DISLOCATION OF CERVICAL VERTEBRAE: OPERATIVE CORRECTION

Author Affiliations

Senior Attending Orthopedic Surgeon, St. Luke's Hospital Chicago; Associate Professor of Surgery, Northwestern University Medical School; Chief Surgeon, Evanston (I11.) Hospital Evanston, Ill.

JAMA. 1937;108(6):468-470. doi:10.1001/jama.1937.92780060001009
Abstract

G. E. T., a man, aged 43, was admitted to the Evanston Hospital on Sept. 9, 1934, immediately after he had been thrown from a horse, striking directly on the left occipitoparietal region of his head. X-ray examination at this time showed no fracture of the cervical spine, but a slight forward dislocation of the sixth cervical vertebra on the seventh.
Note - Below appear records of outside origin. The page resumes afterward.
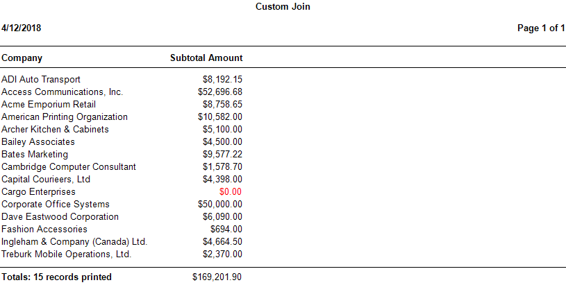 Custom Join: This report uses a custom join to show all customers whether they have invoices or not. Those customers with no invoices will be highlighted in red.
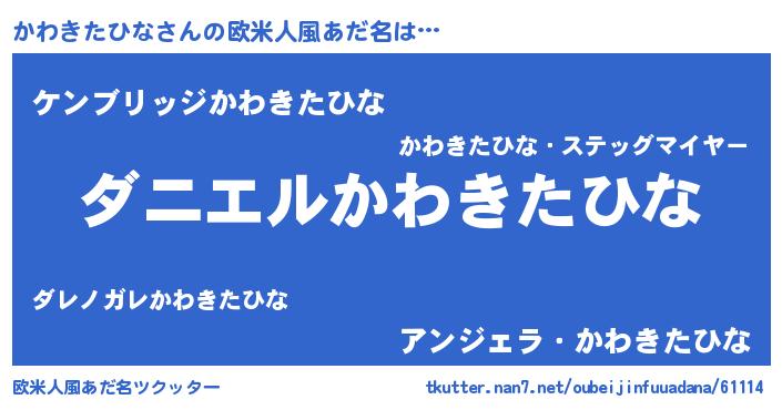 | ヘコむあだ名 | 『かわきたひな(苦笑)』『かわにゅー』 |
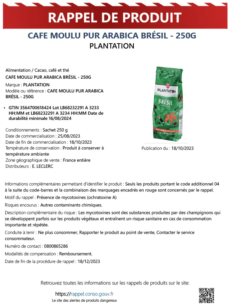 La marque PLANTATION rappelle son Café Moulu Pur Arabica Brésil – 250g, avec le GTIN 3564700618424, en raison de la présence de mycotoxines (ochratoxine A), un contaminant chimique. Les lots concernés sont LB68232291 A 3233 HH:MM et LB68232291 A 3234 HH:MM, avec une date de durabilité minimale au 16/08/2024.

The dislocation was readily reduced by placing the neck in extension and exerting from 3 to 4 pounds of traction on the head. He was discharged from the hospital September 20, wearing an aluminum neck-brace, which supported the head and held the neck in extension. Reexamination of the neck by x-rays three weeks later showed that the luxation had recurred and had even increased, and the patient was having considerable pain in the neck at this time. He was readmitted to the hospital October 18.